#### Problem to work on:
A faithful copy of all the data is required; pictures should not be included.

#### Extracted data:
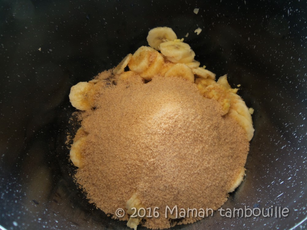 - 250g de cassonade (le même poids que les bananes donc vous pesez vos bananes sans leur peau et vous mettez la même quantité de cassonade)
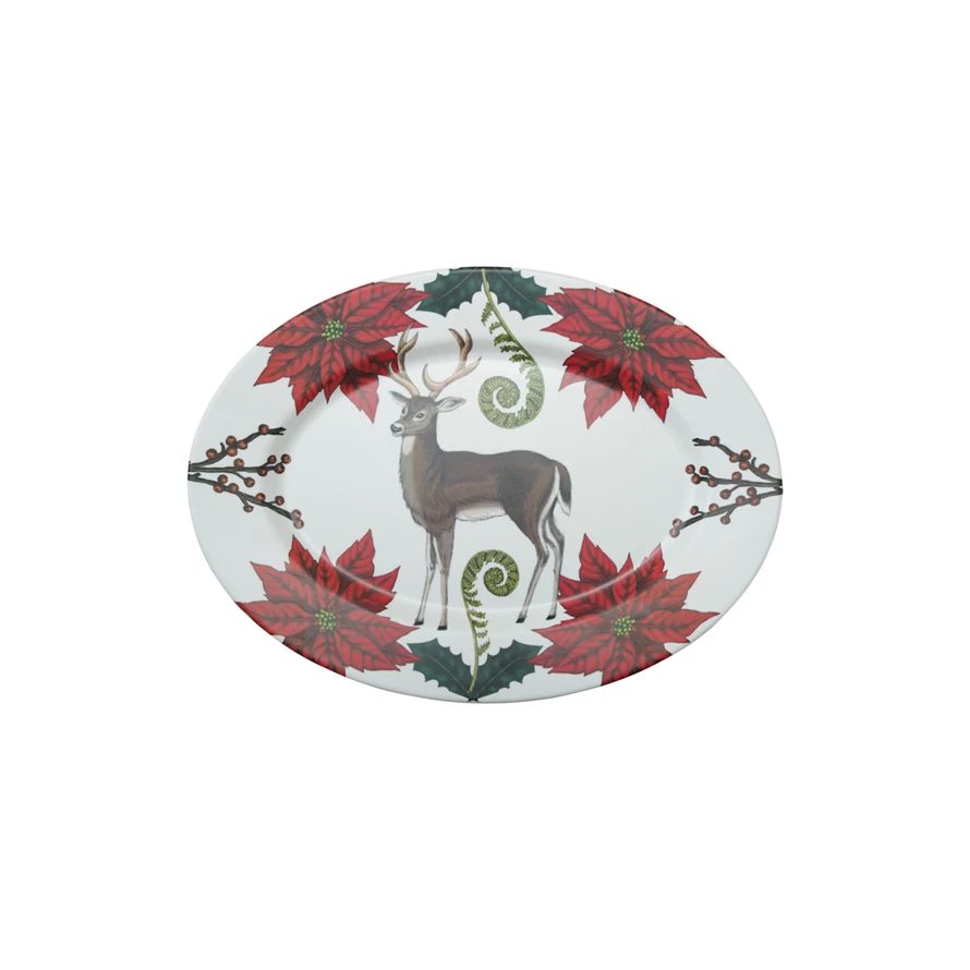 Catalog Name: 17"L x 12-1/2"W Oval Melamine Platter w/ Seasonal Botanicals & Deer, Matte Finish, Multi Color ©
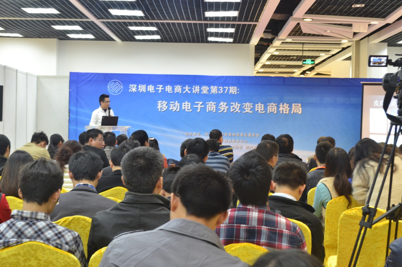 在中国互联网协会和龙岗区政府的指导和支持下,2013(第三届)中国网商网货交易会隆重启幕,深圳市电子商务服务中心主办的第37期电子商务大讲堂“移动电子商务改变电商格局”论坛作为本次交易会的重要活动,于11月29日在深圳华南城华利嘉国际电子交易中心成功举行,论坛邀请了微博微信服务商皮皮精灵、羽博电源、腾讯微生活、微聚俱、倍诺科技、深商e天下等行业知名企业高管,与逾百位企业代表就如何开展移动电子商务展开经验交流。
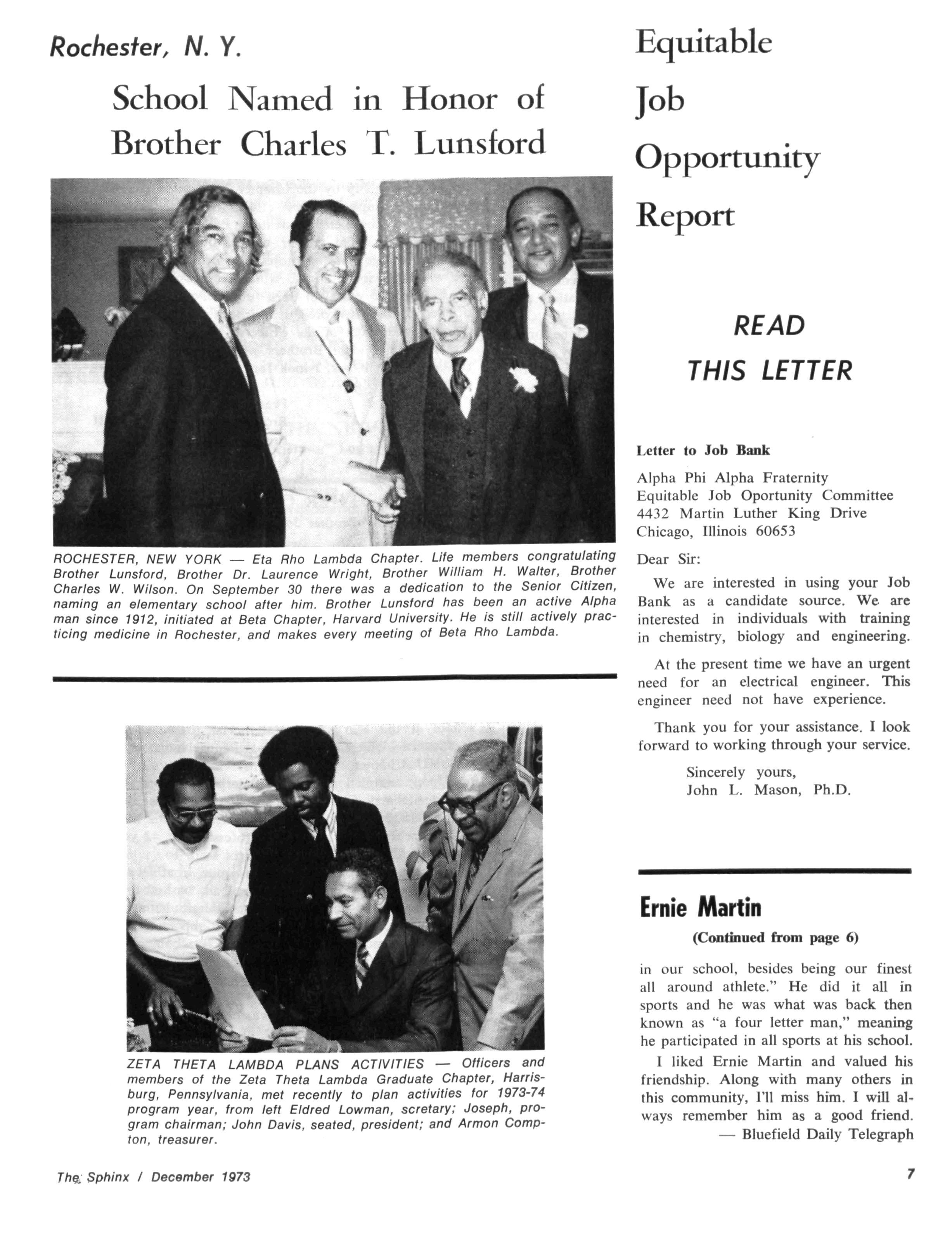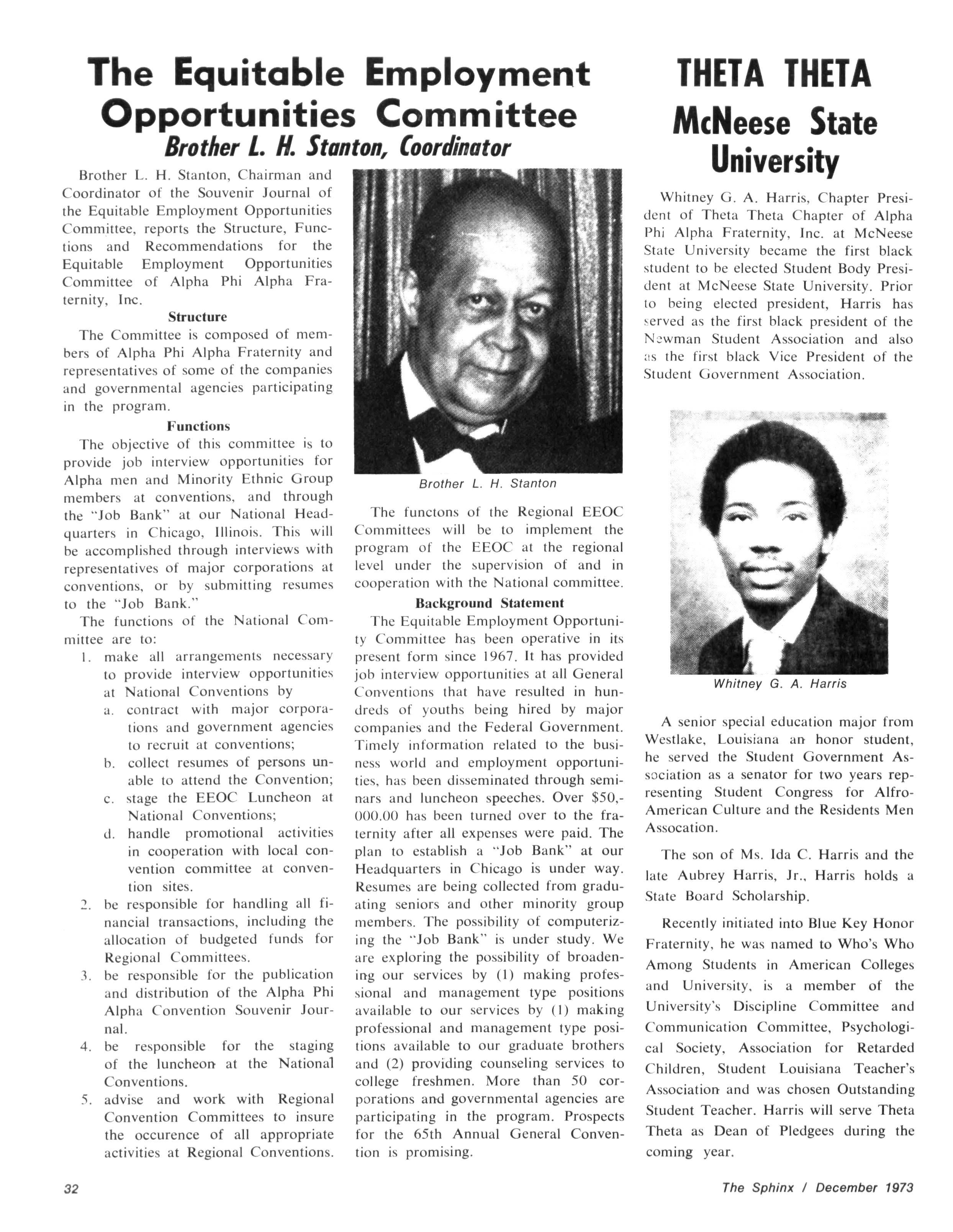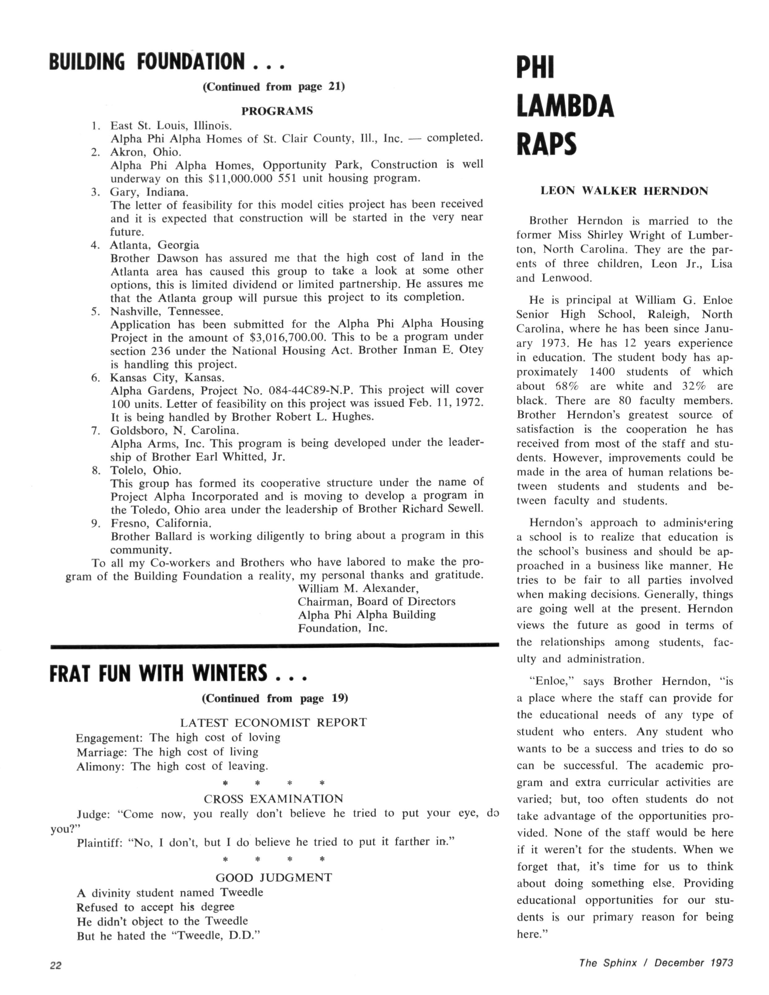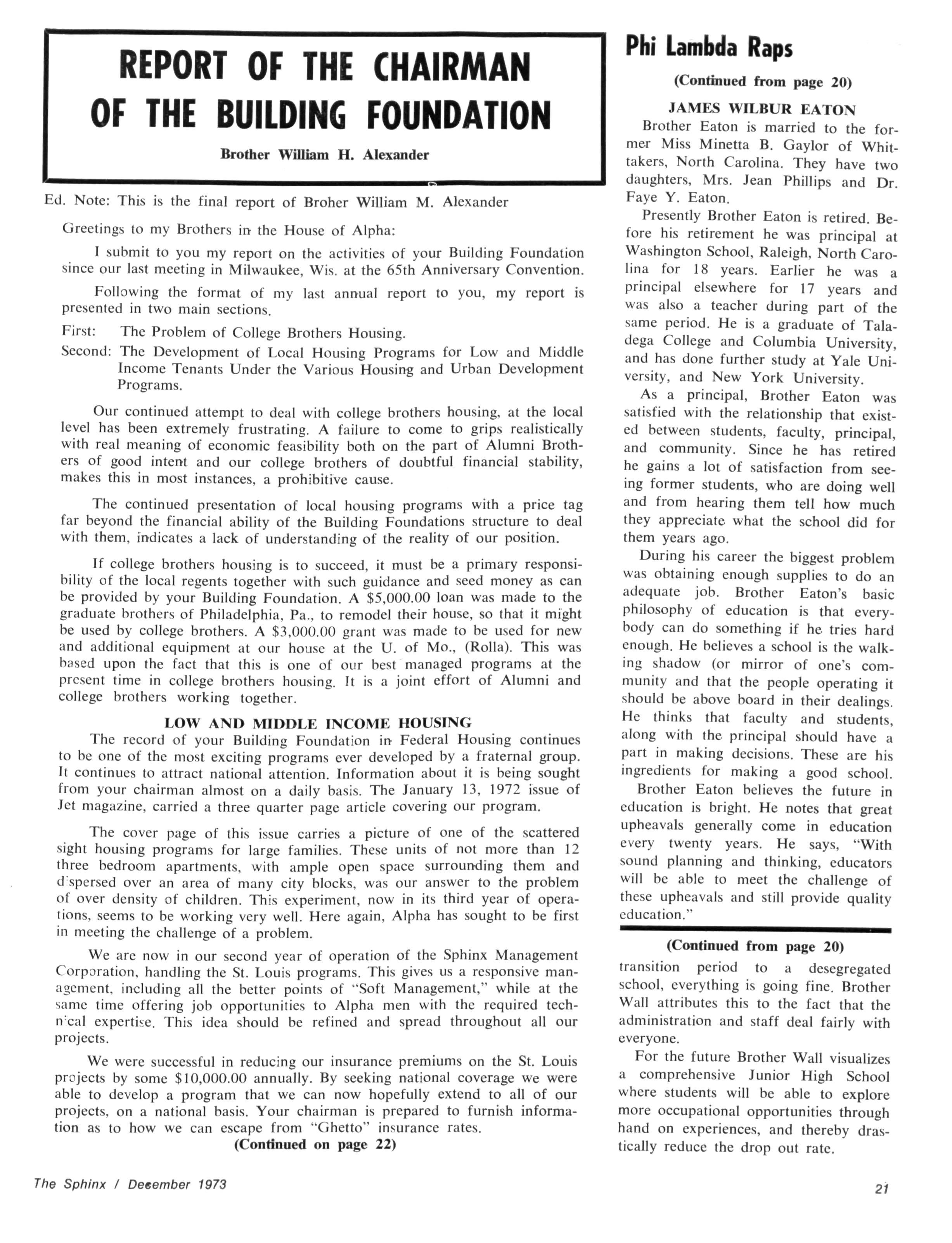 The Sphinx is the official magazine of the Alpha Phi Alpha Fraternity, Inc., 4432 Dr Martin Luther King Dr., Chicago, III., with editorial offices at 4728 Drexel Blvd., Chicago, III 60615 Published four times a year: February, May, October and December Address all editorial mail to 4728 Drexel Blvd., Chicago, III 60615 Change of Address: Send both addresses to Alpha Phi Alpha Fraternity, 4432 Dr Martin Luther King Drive, Chicago, III Manuscripts or art submitted to The Sphinx should be accompained by addressed envelopes and return postage Editor assumes no responsibility for return of unsolicited manuscripts or art
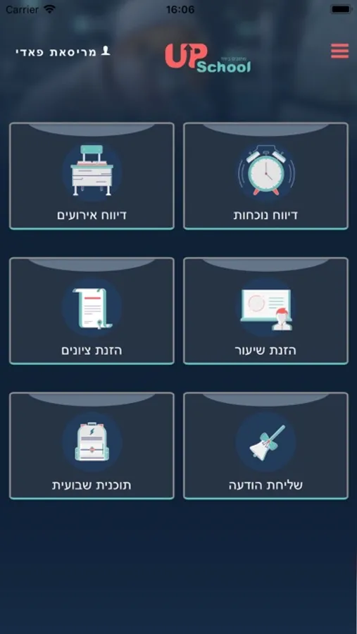 אפליקציית UpSchool למורה הינה חלק מפלטפורמת UpSchool לניהול פדגוגי של בתי ספר. האפליקצייה משמשת את המורים לדיווח נוכחות, ציונים, אירועים פדגוגים ועוד בבתי הספר.

#### Solution for this task:
 - 250g de cassonade (le même poids que les bananes donc vous pesez vos bananes sans leur peau et vous mettez la même quantité de cassonade)
 Catalog Name: 17"L x 12-1/2"W Oval Melamine Platter w/ Seasonal Botanicals & Deer, Matte Finish, Multi Color ©
 在中国互联网协会和龙岗区政府的指导和支持下,2013(第三届)中国网商网货交易会隆重启幕,深圳市电子商务服务中心主办的第37期电子商务大讲堂“移动电子商务改变电商格局”论坛作为本次交易会的重要活动,于11月29日在深圳华南城华利嘉国际电子交易中心成功举行,论坛邀请了微博微信服务商皮皮精灵、羽博电源、腾讯微生活、微聚俱、倍诺科技、深商e天下等行业知名企业高管,与逾百位企业代表就如何开展移动电子商务展开经验交流。
 The Sphinx is the official magazine of the Alpha Phi Alpha Fraternity, Inc., 4432 Dr Martin Luther King Dr., Chicago, III., with editorial offices at 4728 Drexel Blvd., Chicago, III 60615 Published four times a year: February, May, October and December Address all editorial mail to 4728 Drexel Blvd., Chicago, III 60615 Change of Address: Send both addresses to Alpha Phi Alpha Fraternity, 4432 Dr Martin Luther King Drive, Chicago, III Manuscripts or art submitted to The Sphinx should be accompained by addressed envelopes and return postage Editor assumes no responsibility for return of unsolicited manuscripts or art
 אפליקציית UpSchool למורה הינה חלק מפלטפורמת UpSchool לניהול פדגוגי של בתי ספר. האפליקצייה משמשת את המורים לדיווח נוכחות, ציונים, אירועים פדגוגים ועוד בבתי הספר.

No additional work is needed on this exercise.